Hydrogen-assisted decohesion associated with nanosized grain boundary κ-carbides in a high-Mn lightweight steel

• Published in: Acta materialia Vol. 241; p. 118392
• Main Authors: Elkot, Mohamed Naguib, Sun, Binhan, Zhou, Xuyang, Ponge, Dirk, Raabe, Dierk
• Format: Journal Article
• Language: English
• Published: Elsevier Ltd 01.12.2022
• Subjects: Cryogenic temperature; Hydrogen embrittlement; Intergranular failure; Lightweight steel; κ-carbides; Intergranular failure; Lightweight steel; κ-carbides; Cryogenic temperature; Hydrogen embrittlement
• ISSN: 1359-6454; 1873-2453
• DOI: 10.1016/j.actamat.2022.118392

While age-hardened austenitic high-Mn and high-Al lightweight steels exhibit excellent strength-ductility combinations, their properties are strongly degraded when mechanically loaded under harsh environments, e.g. with the presence of hydrogen (H). The H embrittlement in this type of materials, especially pertaining to the effect of κ-carbide precipitation, has been scarcely studied. Here we focus on this subject, using a Fe-28.4Mn-8.3Al-1.3C (wt%) steel in different microstructure conditions, namely, solute solution treated and age-hardened. Contrary to the reports that grain boundary (GB) κ-carbides precipitate only during overaging, site-specific atom probe tomography and scanning transmission electron microscopy (STEM) reveal the existence of nanosized GB κ-carbides at early stages of aging.
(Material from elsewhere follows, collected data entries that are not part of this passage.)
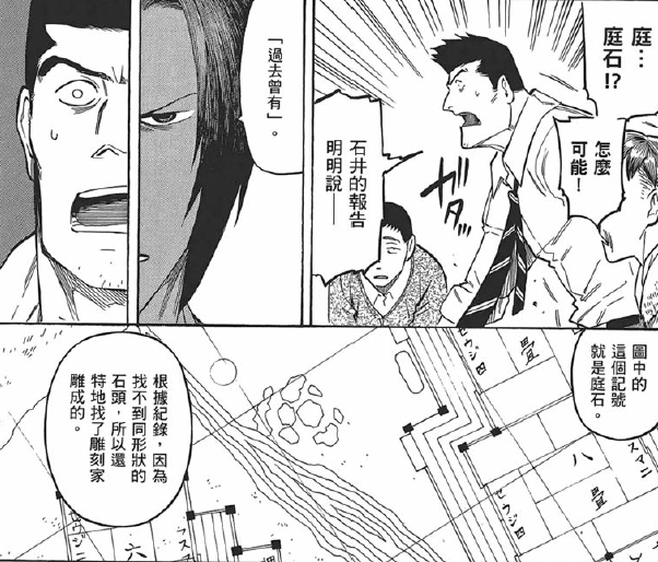 听到这个,木场反应过来,石井报告里说,现在院子里不是没有庭石的吗?京极堂却说,以前确实有,在设计图上甚至都标注好了庭石的形状。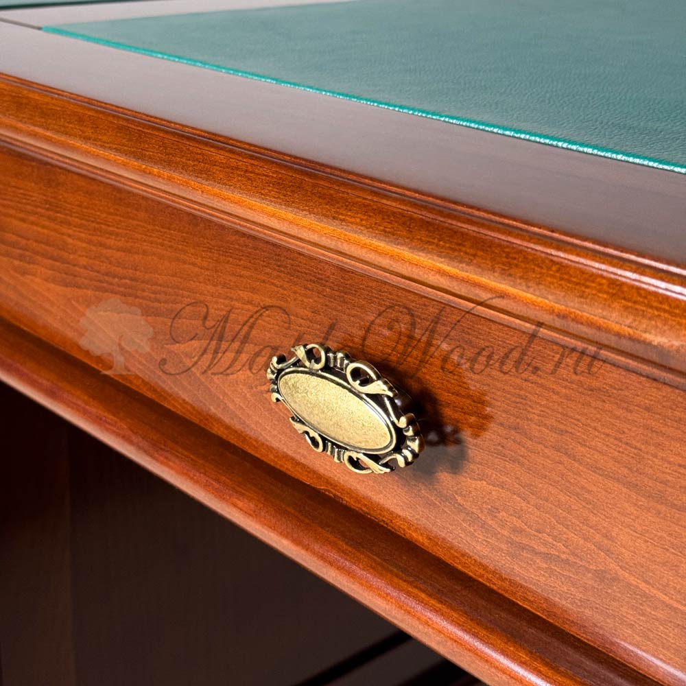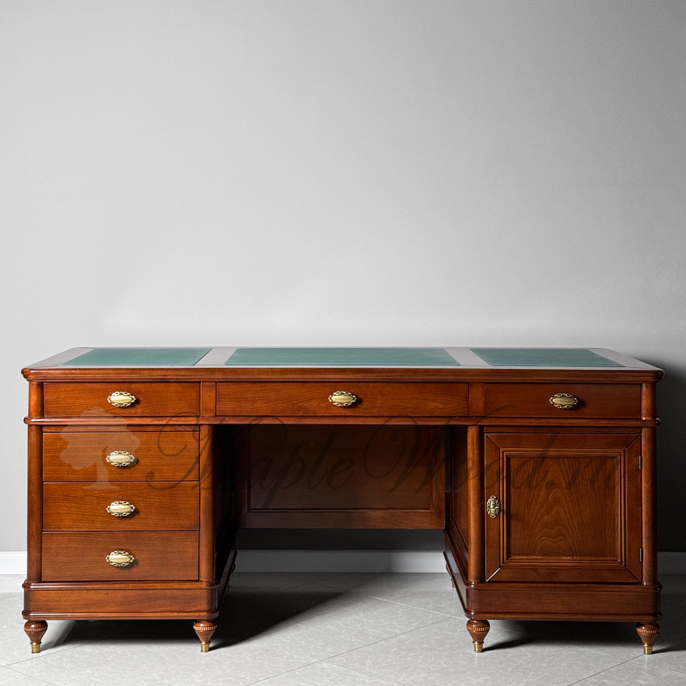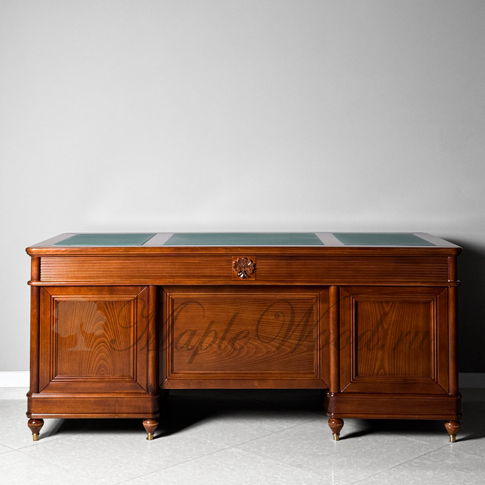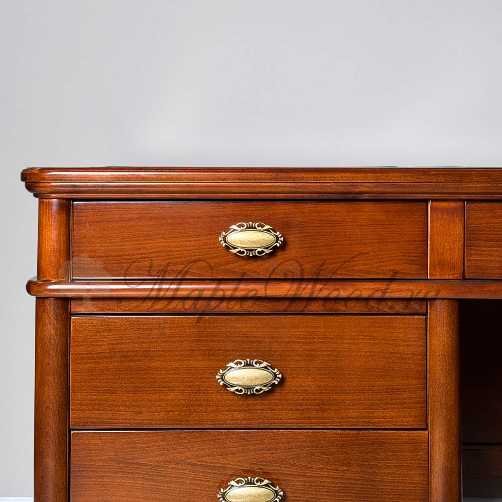 Письменный стол выполнен в итальянском стиле из натурального массива дерева, а главной его особенностью является лицевая отделка с двух сторон, что позволяет разместить стол по центру комнаты.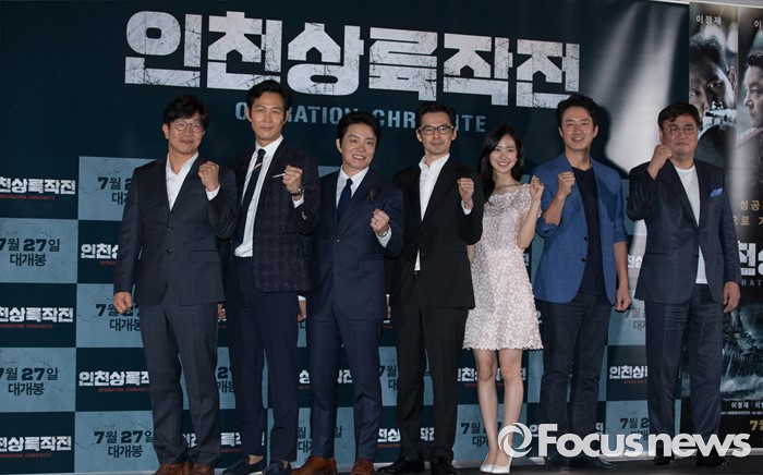 (서울=포커스뉴스) 20일 오후 서울 성동구 왕십리 CGV에서 열린 영화 '인천상륙작전' 언론시사회에 참석한 배우 박철민(왼쪽부터), 이정재, 이범수, 이재한 감독, 진세연, 정준호, 정태원 대표가 포토타임을 갖고 있다.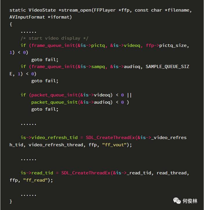 当外部调用prepareToPlay启动播放后,ijkplayer内部最终会调用到ffplay.c中的

We correlate this observation with the deterioration of H embrittlement resistance in aged samples. While H pre-charged solution-treated samples fail by intergranular fracture at depths consistent with the H ingress depth (∼20 µm), age-hardened samples show intergranular fracture features at a much larger depth of above 500 µm, despite similar amount of H introduced into the material. This difference is explained in terms of the facile H-induced decohesion of GB κ-carbides/matrix interfaces where H can be continuously supplied through internal short-distance diffusion to the propagating crack tips. The H-associated decohesion mechanisms are supported by a comparison with the fracture behavior in samples loaded under the cryogenic temperature and can be explained based on dislocation pileups and elastic misfit at the GB κ-carbide/matrix interfaces. The roles of other plasticity-associated H embrittlement mechanisms are also discussed in this work based on careful investigations of the dislocation activities near the H-induced cracks. Possible alloying and microstructure design strategies for the enhancement of the H embrittlement resistance in this alloy family are also suggested. [Display omitted]